▶ [TASK PROMPT]: After finding the line that holds "Zeus DUO chew" below, set down that line and the rest through the final one exactly, leaving the pictures out.
== DATA ==
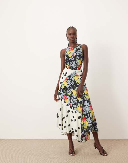 ARRANGE – Blandmönstrad maxiklänning med halterneck och band baktill
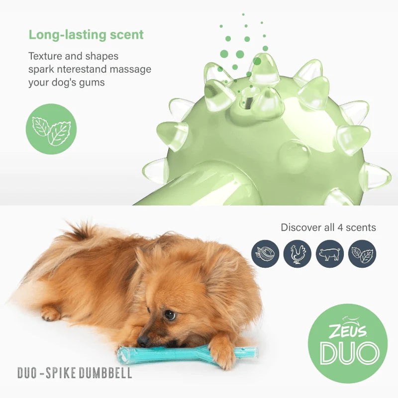 Zeus DUO chew toys have a unique, durable consistency for optimal chewing enjoyment by dogs, and are deliciously scented for extra appeal.
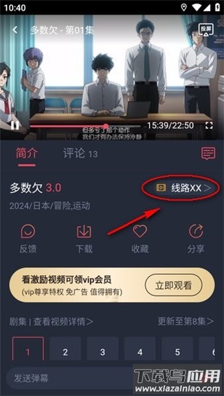2. 找到想要观看的动漫剧集,点击进入播放页面,在播放器中可看到线路切换选项;
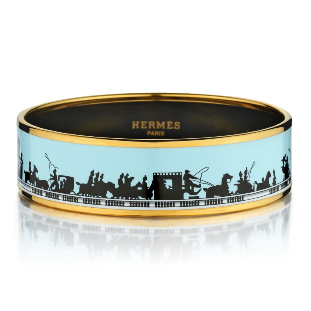 Hermes printed enamel bangle featuring an illustration of horses and carriages. Turquoise background. Yellow gold plated. To fit wrist size 8 inch. Circa 2007. Made in Austria.
===
▶ [EXERCISE SOLUTION]:
 Zeus DUO chew toys have a unique, durable consistency for optimal chewing enjoyment by dogs, and are deliciously scented for extra appeal.
2. 找到想要观看的动漫剧集,点击进入播放页面,在播放器中可看到线路切换选项;
 Hermes printed enamel bangle featuring an illustration of horses and carriages. Turquoise background. Yellow gold plated. To fit wrist size 8 inch. Circa 2007. Made in Austria.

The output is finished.